Ses « silences » des années de guerre doivent être reconsidérés dans cet éclairage : il pense avant tout en juriste, mesurant les moyens de préserver ce qui, depuis Léon XIII, s'est formulé. Redoutant par-dessus tout l'éclatement du catholicisme allemand et la constitution d'une Église nationale, il évite des sanctions ecclésiastiques contre le peuple allemand et ses chefs, comportement qui aurait fait revivre l'ancienne conception d'un pape décidant du lien des sujets et des États. Il choisit de s'en remettre largement à l'épiscopat allemand.
Pie XII ne se comporte pas différemment après la guerre à l'égard de la France, de l'Italie et de la république fédérale d'Allemagne. La création de partis démocrates-chrétiens dans ces pays reste largement autonome. Dans le cas italien pourtant, l'intervention du Saint-Siège dans la vie politique se fait parfois manifeste. Reste à déterminer à quel degré le pape l'inspire ou la tolère.
Face aux idéologies, qu'il s'agisse du national-socialisme ou du communisme, Pie XII réagit comme ses prédécesseurs l'ont fait face aux idéologies héritières des Lumières. La condamnation doctrinale une fois prononcée, la stratégie se réduit à une tactique déterminée par les rapports de force, les événements, le nombre de catholiques détenus en otages par les régimes totalitaires. Le « prophétisme » dont on reprochera au pape vingt ans plus tard de n'avoir pas fait preuve n'appartient pas aux analyses du temps de guerre.
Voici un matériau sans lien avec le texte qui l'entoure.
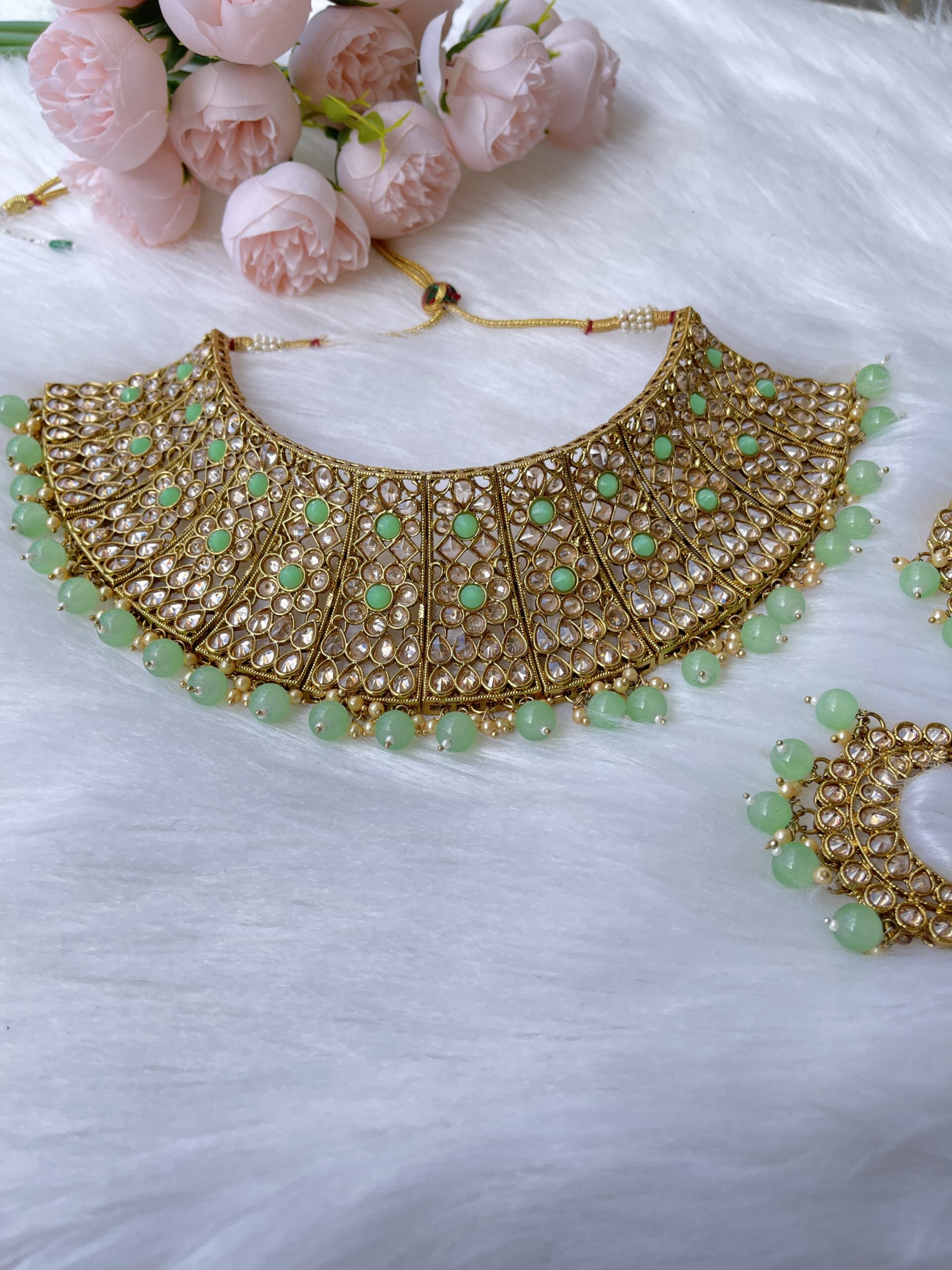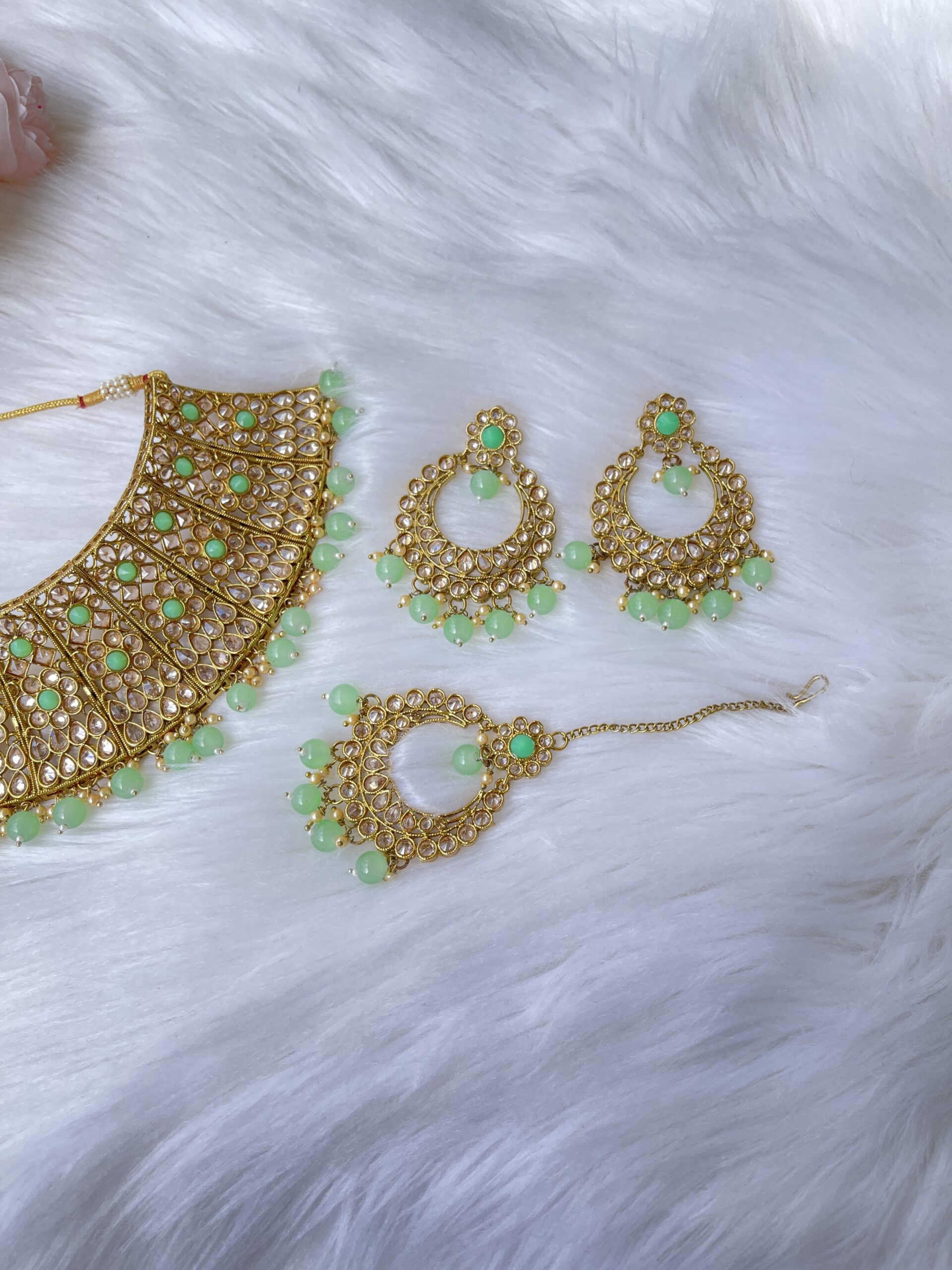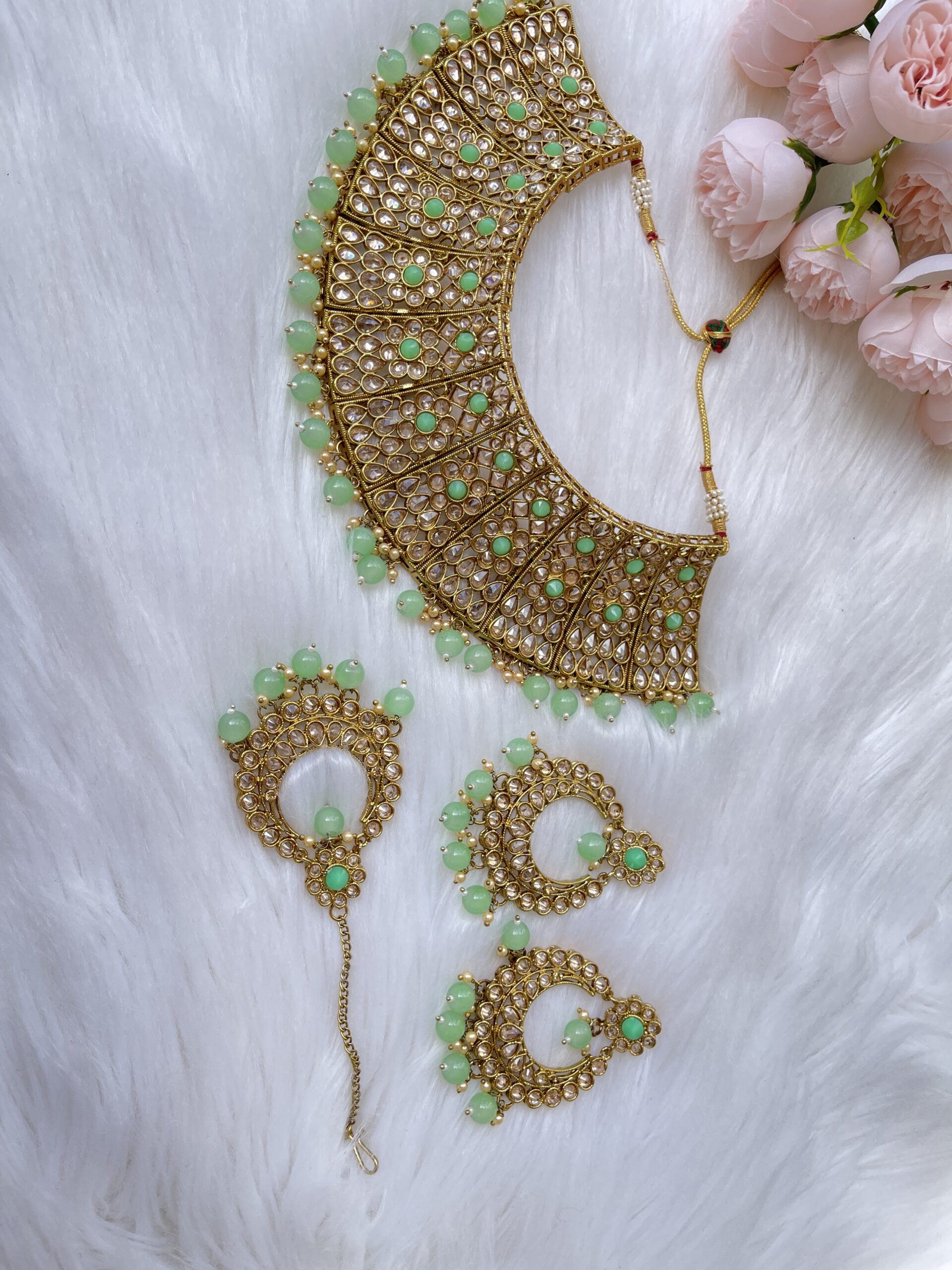 MAAHI is here to keep you mesmerising. MAAHI is a semi-bridal set made with premium quality materials. Comes in a BOLD Gold and Mint-Green color with reverse AD studded to be and Imitation pearls enhancing its classic – ness.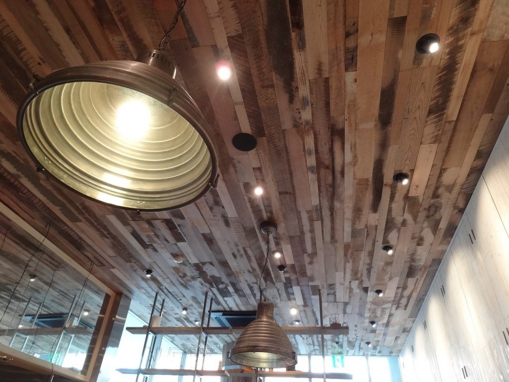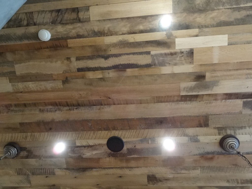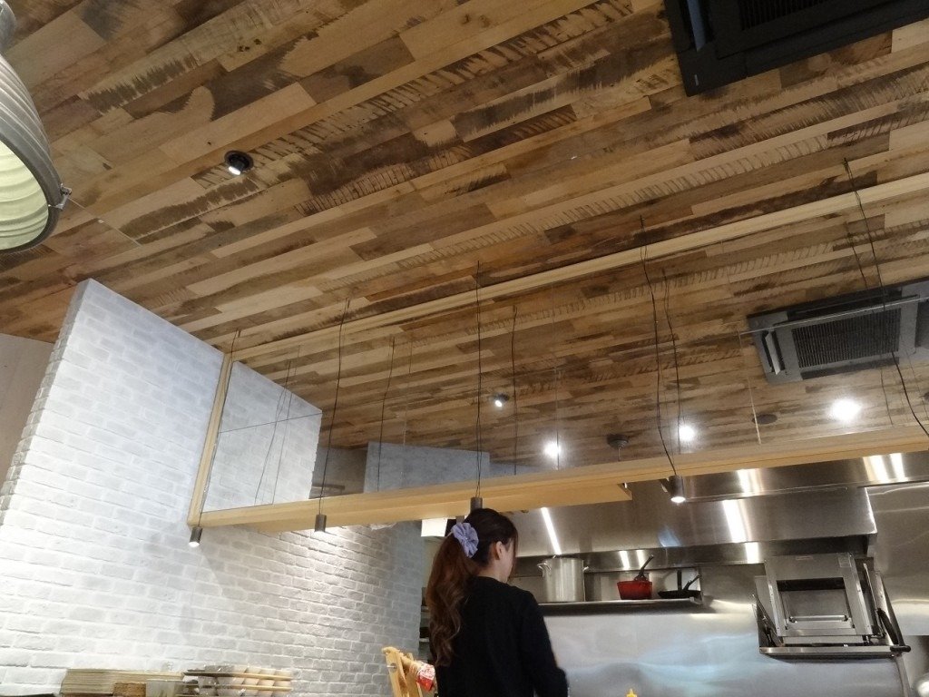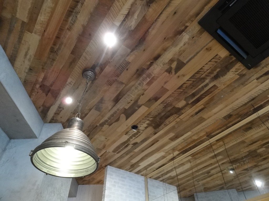 沢山の古材フローリングを使って頂きました、、天井に!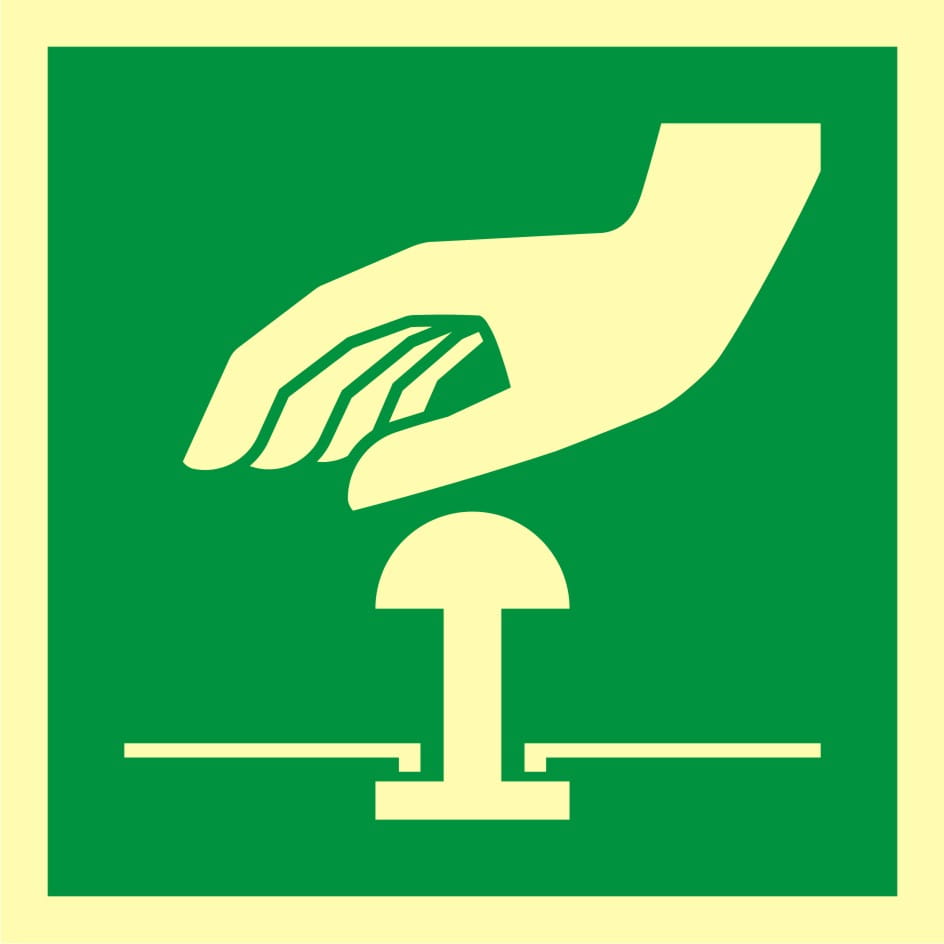 Przycisk awaryjnego zatrzymania - Znak ewakuacyjny

On ne saurait douter cependant de deux données : le drame personnel vécu par Pie XII lorsqu'il pèse les périls d'une proclamation de principes, voire d'un acte qui l'amènerait à se livrer lui-même en otage, en octobre 1943 ; l'ampleur de l'action caritative du Vatican, de ses interventions discrètes en faveur des dizaines de milliers de victimes préservées. La publication par quatre historiens jésuites, entre 1965 et 1981, d'une collection en douze volumes intitulée Actes et documents du Saint-Siège relatifs à la Seconde Guerre mondiale ne laissait pas de doute à cet égard. Mais, à partir de 1965, les débats du « dialogue judéo-chrétien » achoppèrent sur « les silences de Pie XII ». En novembre 1998, le gouvernement israélien faisait de cette question un point de contentieux avec le Vatican en demandant un moratoire de cinquante ans pour le procès en béatification de Pie XII et l'ouverture des archives. Des historiens avaient insisté sur le caractère lacunaire et le choix arbitraire des documents publiés. Le Saint-Siège accepta la formation, en décembre 1999, d'une commission mixte de six membres, catholiques et juifs, pour les examiner en détail. Leur rapport rendu en octobre 2000 concluait en invitant le Vatican à autoriser le libre accès pour les chercheurs à l'ensemble des archives relatives à cette période. Le procès en béatification de Pie XII engagé comme celui de Jean XXIII par Paul VI fut suspendu au cours de l'été 2000 et remplacé par celui de Pie IX, lui aussi controversé.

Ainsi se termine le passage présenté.